In 1389, Frank and Simon Szécsényi participated in the military campaign to Serbia, which took place after the Battle of Kosovo. Both of them had been involved in the successful sieges of Borač and Čestin forts. Frank functioned as royal treasurer between 1392 and 1393, though he first appeared in this capacity on 10 February 1393. He was also referred to as Judge of the Jassics (iudex Philisteorum) in August 1393.

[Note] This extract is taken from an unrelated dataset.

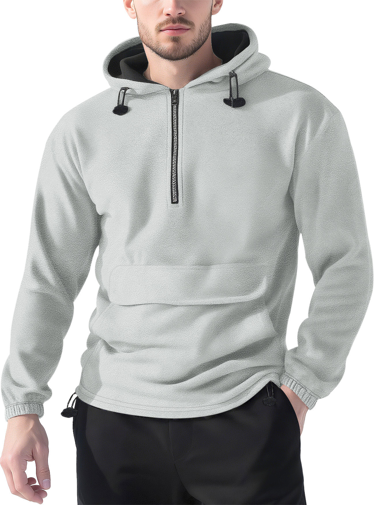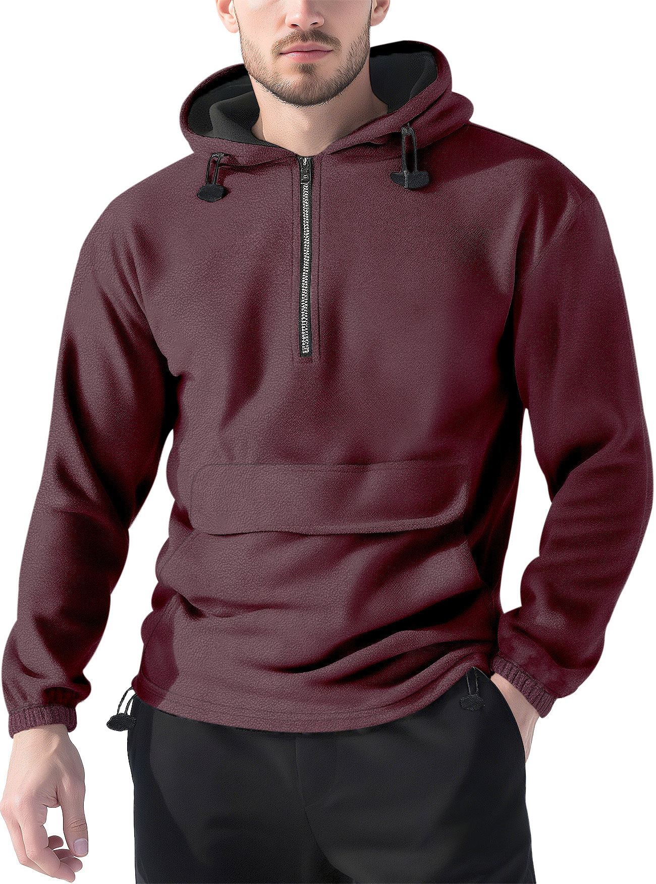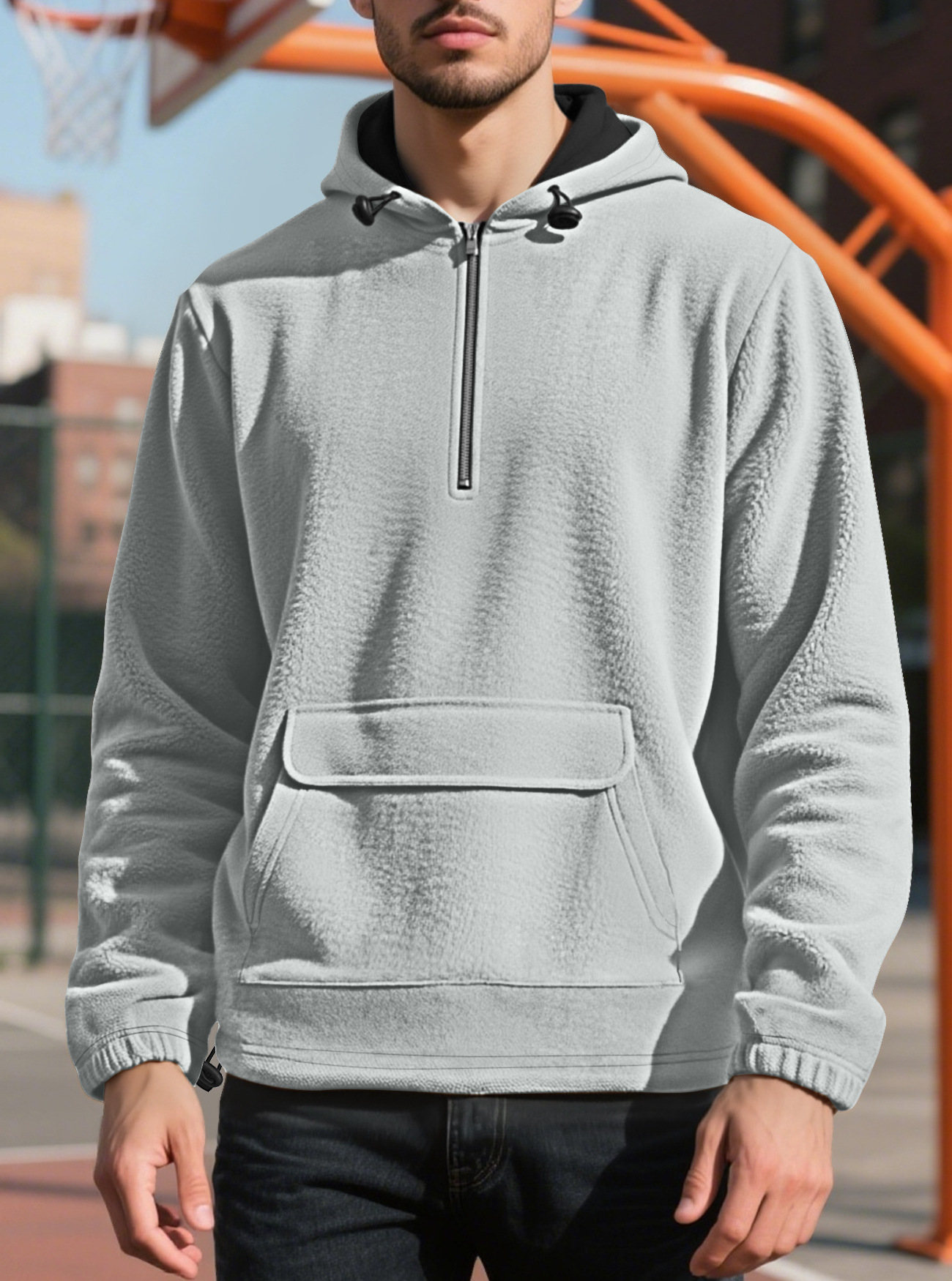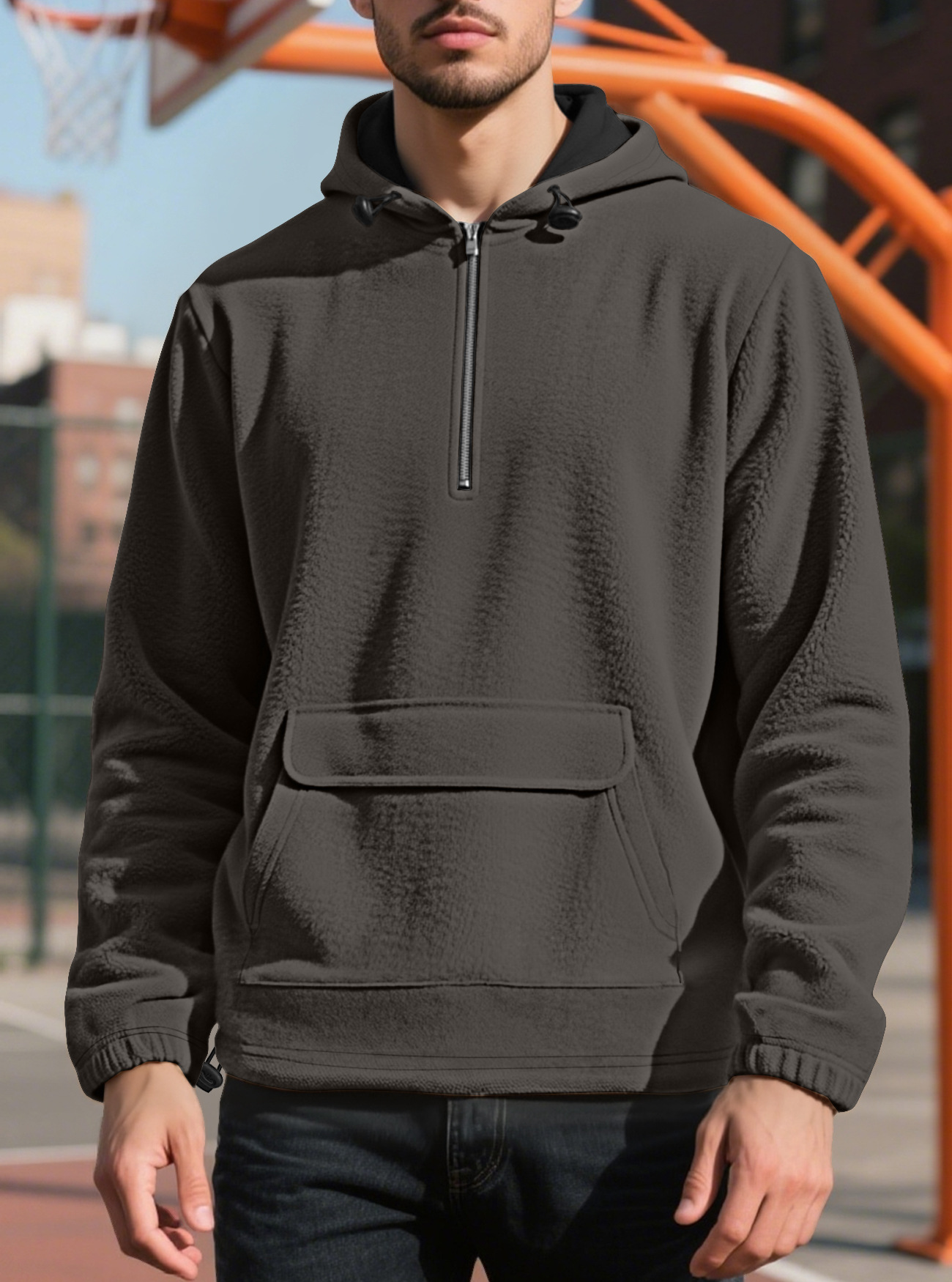 New Padded Fleece Sweater Solid Color Half Zip Hooded Work Clothes Pullover

Sigismund began to prepare a war against the Ottoman Empire since their Serbian invasion in 1389, which gradually revalued the role of Transylvania as a staging military area for recruitments and border defense. As a result, the king replaced the relatively militarily inexperienced Emeric Bebek with his faithful soldier Frank Szécsényi to the dignity of Voivode of Transylvania in October 1393. Beside that, he also governed Arad County. After a brief visit in December 1393, Szécsényi arrived to the province to stay permanently by early May 1394 from the Diet in Buda, where received instructions from Sigismund. Szécsényi sent a courtly knight Gregory Bethlen to Wallachia to negotiate with Mircea I, who maintained close relations with Sigismund, relying on their common interest in the struggle against Ottoman expansion. After Mircea had to retreat to Hungary following Bayezid's invasion, Sigismund moved to Torda (today Turda in Romania), where Szécsényi convened a general assembly in December 1394 to proclaim and organize insurrectio, the nobles' "uprising" against the Ottomans. Their army crossed the Carpathian Mountains in January 1395 to force loyalty from Stephen I of Moldavia.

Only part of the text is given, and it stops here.